You would only ever do this on code where performance matters. You ask yourself: if I made this twice as fast (or half as slow) would anyone know or care? If yes, then it's not premature, it's just garden-variety optimization.

But choosing the right bit of code to work on needs some investigation. The assumption here is that that has already happened.

jcelerier · on Jan 8, 2021

> Fast and slow are relative, that’s for sure. But assuming there is a problem before discovering it... isn’t that the definition of premature optimization?

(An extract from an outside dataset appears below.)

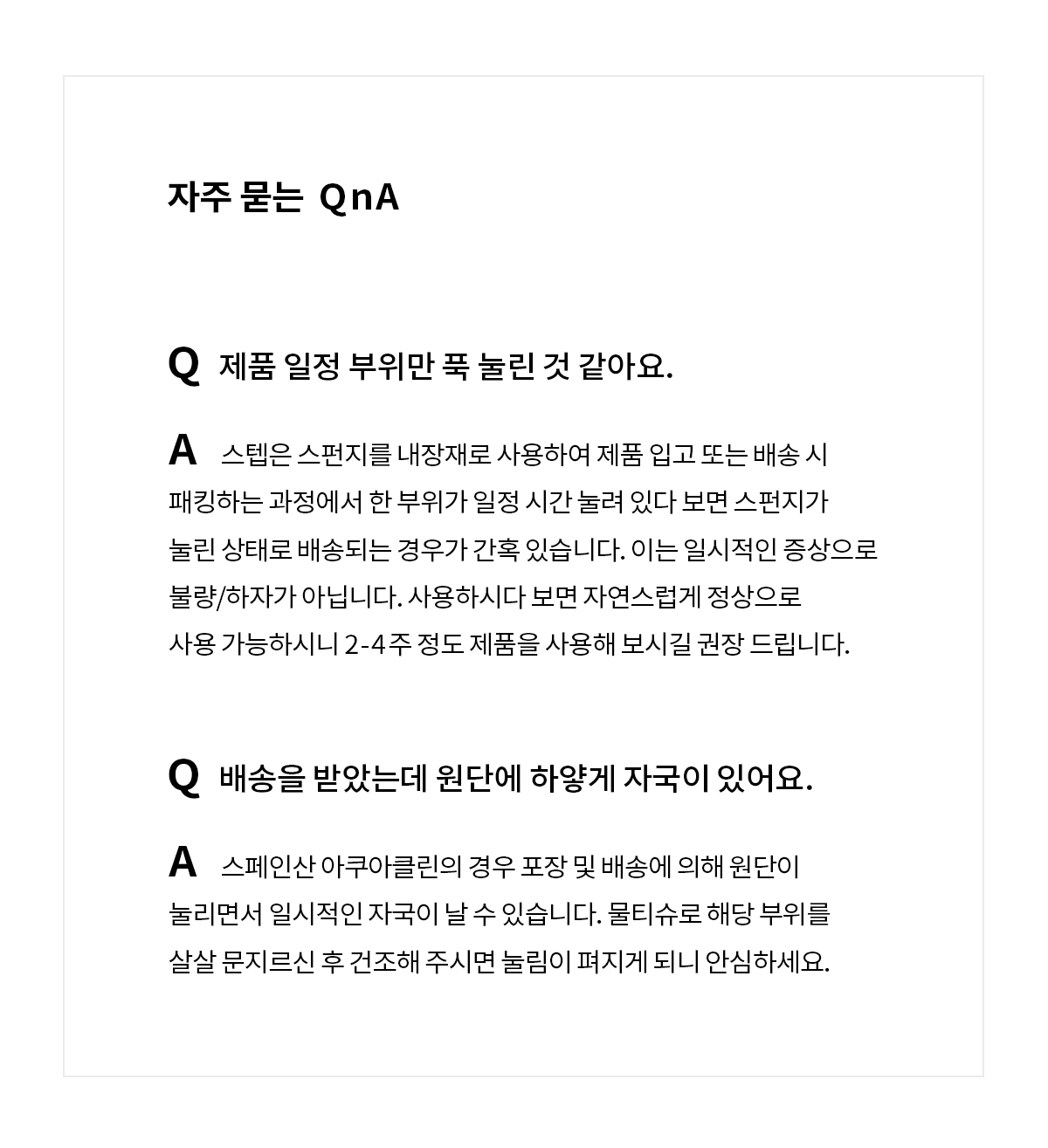 스펀지는 테스트를 통해 도출한 밀도기준을 바탕으로 과하게 푹신하지도, 단단하지도 않은 가장 편안한 중간단계의 쿠션감을 적용하였습니다.

that works if you have a definite performance target, say, "less than 5ms". Not if your performance target is, "it must be faster by a good margin than all the competitors that we know and don't know about, and stay that way"

spacechild1 · on Jan 8, 2021

> For most code, you don't know how fast it "ought to" be, so you don't even know there is a problem.

Notable exceptions being realtime audio and video games, as both have a rigid time budget. If I try to run 1000 sinewave oscillators, I can literally hear if my code is too slow (for the given machine).

ncmncm · on Jan 8, 2021

When you have a deadline, you get a bright line between "fast enough" and "too slow", and no immediately apparent benefit from being faster than just enough.

In such cases, if it is known more work could be done, often more work can be found to do, but it is hard to know without actually trying to do more. If it is not certain the extra work could be finished in time, it might be wrong to start it instead of doing something else simpler and more certain.

Const-me · on Jan 8, 2021

I have only observed this problem in a few extreme cases. Once I unrolled 24x24 matrix*vector multiplication, with 72 AVX instructions. Other time I implemented JIT to generate large volume of AVX2 code in runtime.

In the other 99% of cases, inlining did better despite producing more code.

lldbg · on Jan 8, 2021

Could you expand on the 24x24 unrolling with AVX? How big of a benefit did you obtain, compared to say using a library such as Armadillo, Fastor, Eigen, etc?

Const-me · on Jan 8, 2021

Eigen was my baseline. As far as I remember, my best AVX version (which unrolls 24x4 blocks, running 6 iterations of the loop) was about 50% faster.

Eigen is designed in the assumption these vectors/matrices are large. 24 is not large, fits in 3 vector registers out of the 16 available. Eliminating data access latency of the accumulators is what caused the speedup.

lldbg · on Jan 8, 2021

In my experience Eigen is not very good either for small matrices, whilst Fastor performs much better.

Interesting

Const-me · on Jan 9, 2021

Libraries don’t cut it, IMO. Sometimes you want your complete input data in registers, 4x4 matrices fit there nicely. Other times you want to stream stuff from memory, the above-mentioned 24x24 multiplication streams the complete matrix, while loading 4-long chunks of the vector.

I’ve wrote an introduction article some time ago: http://const.me/articles/simd/simd.pdf

Here’s more practical one: https://stackoverflow.blog/2020/07/08/improving-performance-...